START Available data

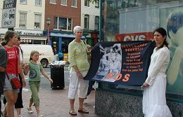 Mme Huang de l'Allemagne est allée dans un restaurant après l'activité. La propriétaire du restaurant a vu « Falun Dafa» sur son t-shirt jaune et elle lui a demandé si les pratiquants allaient défiler le jour suivant. La propriétaire a dit à Mme Huang que le défilé passait devant son restaurant chaque année et elle et ses employés aimaient le voir passer. Mme Huang a parlé avec elle et en fin de compte, l'a convaincue de démissionner du parti.
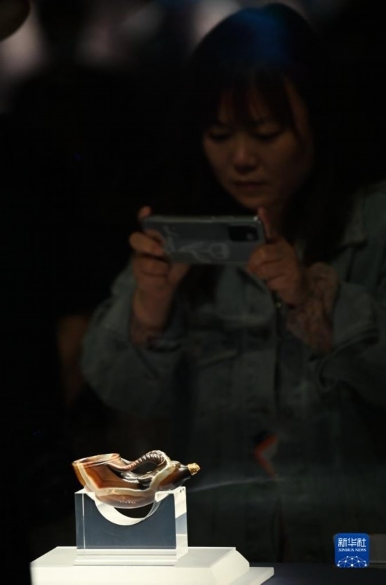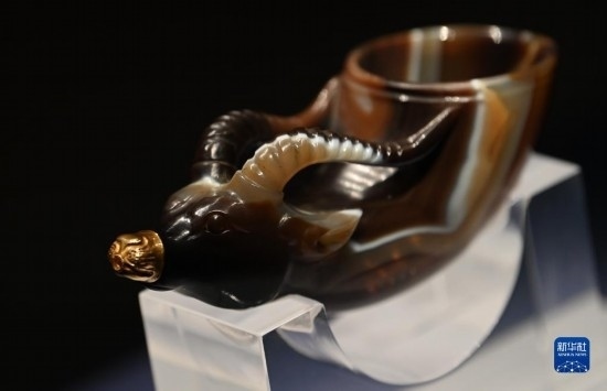 5月11日,游客在陜西歷史博物館參觀鑲金獸首瑪瑙杯。鑲金獸首瑪瑙杯的造型,與起源于古希臘的酒具“來通”相似,“來通”曾廣泛流行于中亞、西亞地區(qū),沿著絲綢之路不斷東傳進(jìn)入中國。
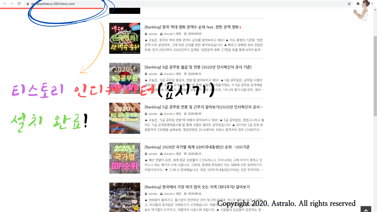 사담이 길었습니다! 오늘은, 티스토리 인디케이터(표시기)를 빠르게 설치하는 방법에 대해서 알아보았습니다.
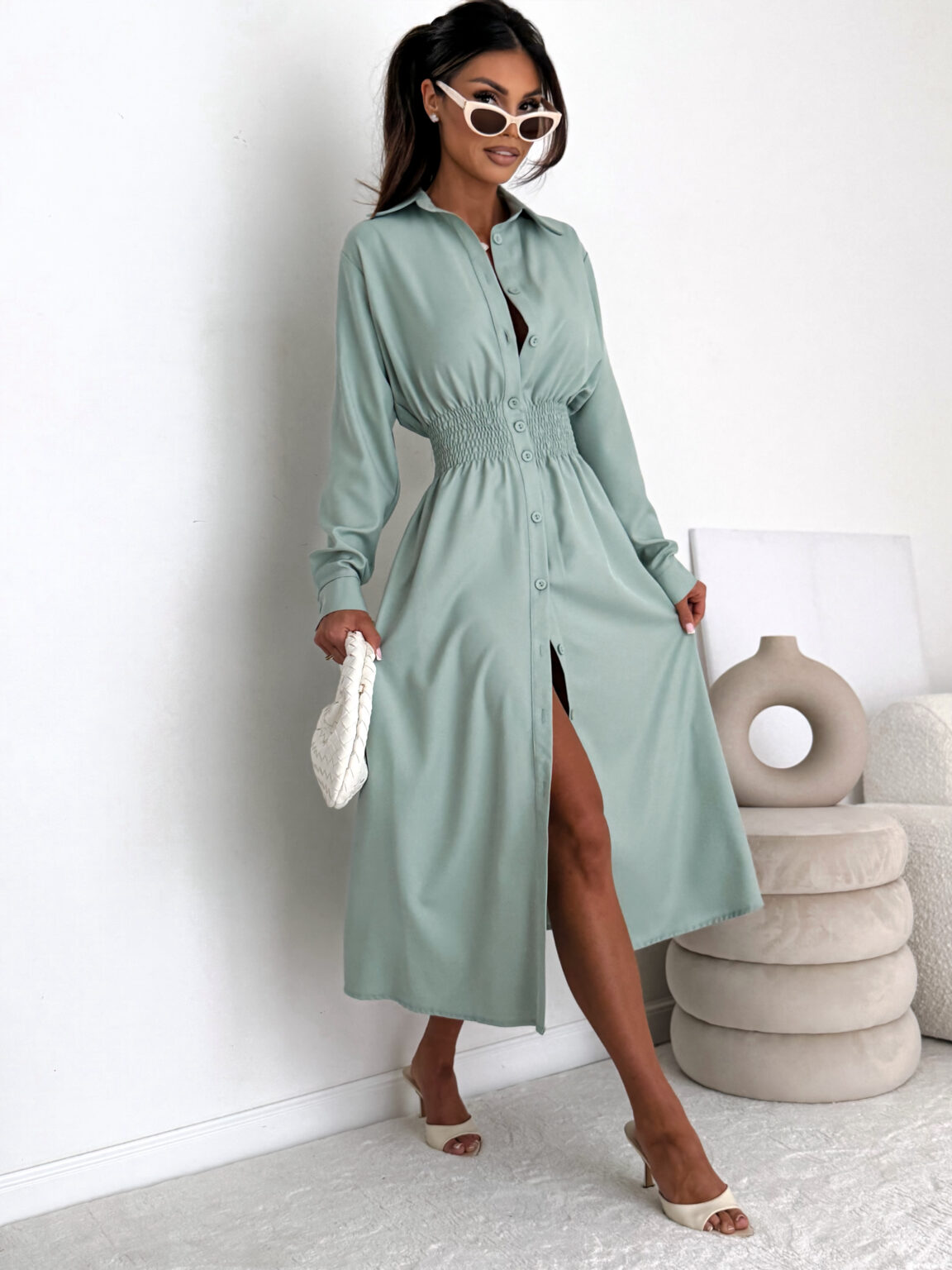 Ta wyjątkowa sukienka midi została zaprojektowana z myślą o kobietach, które cenią sobie styl i komfort. Długość midi sprawia, że jest to idealny wybór zarówno do biura, jak i na wieczorne wyjście. Długie rękawy oraz delikatne guziki z przodu dodają klasy, a marszczenie w talii pięknie podkreśla sylwetkę, modelując ją w subtelny sposób. Dodatkowy urok dodaje rozcięcie, które odsłania nogę, nadając całości lekkości i kobiecości.
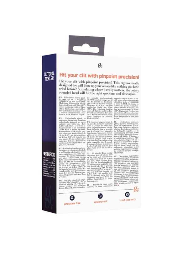 Clitoral TicklerHit the clit! Deze puntige afgeronde kop zal telkens weer op de juiste plek terechtkomen en stimuleren waar het er echt toe doet. Deze clitorale kietelaar kan tot duizelingwekkende 15.000 omwmin maken bij minder dan 60 dB. Hij is gemaakt van hoogwaardig ABS en heeft een totale lengte van 16 cm (6.3?) met een maximale breedte van 2.5cm (0.9?). Dit speeltje heeft een AA-batterij nodig (niet inbegrepen), voor meer dan 1 uur plezier. Verkrijgbaar in zwart, roze en paars.
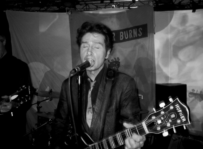rock’n‘rolliger. Das Publikum im recht gut gefüllten Ponyhof trug zur gesteigerten Stimmung bei. Doch wenn man an der Bar zu viel Gas gibt, wird man nach ein paar Drinks schon mal melancholisch. Dazu passten die country-lastigen Balladen mit einer schön twangigen Gitarre, die die vier Herren während der zweiten Hälfte des Sets anstimmten. Am Ende wurde es noch mal rockiger, aber wie sie selbst sagten, waren sie „ja nur die Vorband“ und räumten die Bühne für TAV FALCO (oder Gustav, wie sie ihn nannten). Prost, Kings! Hat mir gefallen, schön auch die Verwendung eines halb gefüllten Gerippten zum Slide-Gitarre-Spielen.Als TAV FALCO noch in Amerika wohnte, war er einer der Hauptakteure der Underground-Szene in Memphis, und er hat für mich eine ähnliche kulturelle Bedeutung wie ALEX CHILTON oder JEFFREY LEE PIERCE. Allerdings mag er es auch kitschiger und setzt neben obskurem Rockabilly und Garage- Psych zusätzlich auf Tango und Balladen. Und vor allem mag er es sloppy-chaotisch-unprofessionell. Wer das Debütalbum „Behind the Magnolia Curtain“ kennt, der weiß, was ich meine. Es gibt durchaus auch eher professionell eingespielte Aufnahmen der PANTHER BURNS, aber Perfektionisten sind sie nicht. Das waren sie auch nicht gestern, die Instrumente wurden oft gestimmt, was meistens halbwegs hinhaute. Irgendwann gab Gustavo dann aber auf: „I’m not gonna tune this thing!“.
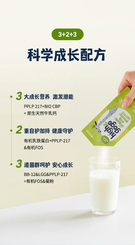 面对消费者对“科学喂养”的迫切需求,High&GoGo以儿童成长发育机理为蓝本,创新性研发出“3+2+3科学配方”,实现了从单一营养补充到多维度系统支持的跨越。该配方精准针对3-14岁成长期儿童的核心需求:以3大助长精华(PPLP-217益生菌+BIO CBP+天然原生牛乳钙)聚焦骨骼健康;以2重免疫守护(有机乳铁蛋白+ PPLP-217益生菌&有机FOS)构筑防御屏障;再以3道肠道屏障(三大益生菌 BB-12&LGG&PPLP-217+有机 FOS&菊粉)夯实吸收基础。通过科学配比实现协同增效,实现促进儿童骨骼发育、免疫自护力与消化吸收力,提供全面均衡的成长原动力。

END Available data

* [Directions for this task]:
Word for word, give back each entry from above, but skip any picture.

* [Answer box]:
 Mme Huang de l'Allemagne est allée dans un restaurant après l'activité. La propriétaire du restaurant a vu « Falun Dafa» sur son t-shirt jaune et elle lui a demandé si les pratiquants allaient défiler le jour suivant. La propriétaire a dit à Mme Huang que le défilé passait devant son restaurant chaque année et elle et ses employés aimaient le voir passer. Mme Huang a parlé avec elle et en fin de compte, l'a convaincue de démissionner du parti.
 5月11日,游客在陜西歷史博物館參觀鑲金獸首瑪瑙杯。鑲金獸首瑪瑙杯的造型,與起源于古希臘的酒具“來通”相似,“來通”曾廣泛流行于中亞、西亞地區(qū),沿著絲綢之路不斷東傳進(jìn)入中國。
 사담이 길었습니다! 오늘은, 티스토리 인디케이터(표시기)를 빠르게 설치하는 방법에 대해서 알아보았습니다.
 Ta wyjątkowa sukienka midi została zaprojektowana z myślą o kobietach, które cenią sobie styl i komfort. Długość midi sprawia, że jest to idealny wybór zarówno do biura, jak i na wieczorne wyjście. Długie rękawy oraz delikatne guziki z przodu dodają klasy, a marszczenie w talii pięknie podkreśla sylwetkę, modelując ją w subtelny sposób. Dodatkowy urok dodaje rozcięcie, które odsłania nogę, nadając całości lekkości i kobiecości.
 Clitoral TicklerHit the clit! Deze puntige afgeronde kop zal telkens weer op de juiste plek terechtkomen en stimuleren waar het er echt toe doet. Deze clitorale kietelaar kan tot duizelingwekkende 15.000 omwmin maken bij minder dan 60 dB. Hij is gemaakt van hoogwaardig ABS en heeft een totale lengte van 16 cm (6.3?) met een maximale breedte van 2.5cm (0.9?). Dit speeltje heeft een AA-batterij nodig (niet inbegrepen), voor meer dan 1 uur plezier. Verkrijgbaar in zwart, roze en paars.
rock’n‘rolliger. Das Publikum im recht gut gefüllten Ponyhof trug zur gesteigerten Stimmung bei. Doch wenn man an der Bar zu viel Gas gibt, wird man nach ein paar Drinks schon mal melancholisch. Dazu passten die country-lastigen Balladen mit einer schön twangigen Gitarre, die die vier Herren während der zweiten Hälfte des Sets anstimmten. Am Ende wurde es noch mal rockiger, aber wie sie selbst sagten, waren sie „ja nur die Vorband“ und räumten die Bühne für TAV FALCO (oder Gustav, wie sie ihn nannten). Prost, Kings! Hat mir gefallen, schön auch die Verwendung eines halb gefüllten Gerippten zum Slide-Gitarre-Spielen.Als TAV FALCO noch in Amerika wohnte, war er einer der Hauptakteure der Underground-Szene in Memphis, und er hat für mich eine ähnliche kulturelle Bedeutung wie ALEX CHILTON oder JEFFREY LEE PIERCE. Allerdings mag er es auch kitschiger und setzt neben obskurem Rockabilly und Garage- Psych zusätzlich auf Tango und Balladen. Und vor allem mag er es sloppy-chaotisch-unprofessionell. Wer das Debütalbum „Behind the Magnolia Curtain“ kennt, der weiß, was ich meine. Es gibt durchaus auch eher professionell eingespielte Aufnahmen der PANTHER BURNS, aber Perfektionisten sind sie nicht. Das waren sie auch nicht gestern, die Instrumente wurden oft gestimmt, was meistens halbwegs hinhaute. Irgendwann gab Gustavo dann aber auf: „I’m not gonna tune this thing!“.
 面对消费者对“科学喂养”的迫切需求,High&GoGo以儿童成长发育机理为蓝本,创新性研发出“3+2+3科学配方”,实现了从单一营养补充到多维度系统支持的跨越。该配方精准针对3-14岁成长期儿童的核心需求:以3大助长精华(PPLP-217益生菌+BIO CBP+天然原生牛乳钙)聚焦骨骼健康;以2重免疫守护(有机乳铁蛋白+ PPLP-217益生菌&有机FOS)构筑防御屏障;再以3道肠道屏障(三大益生菌 BB-12&LGG&PPLP-217+有机 FOS&菊粉)夯实吸收基础。通过科学配比实现协同增效,实现促进儿童骨骼发育、免疫自护力与消化吸收力,提供全面均衡的成长原动力。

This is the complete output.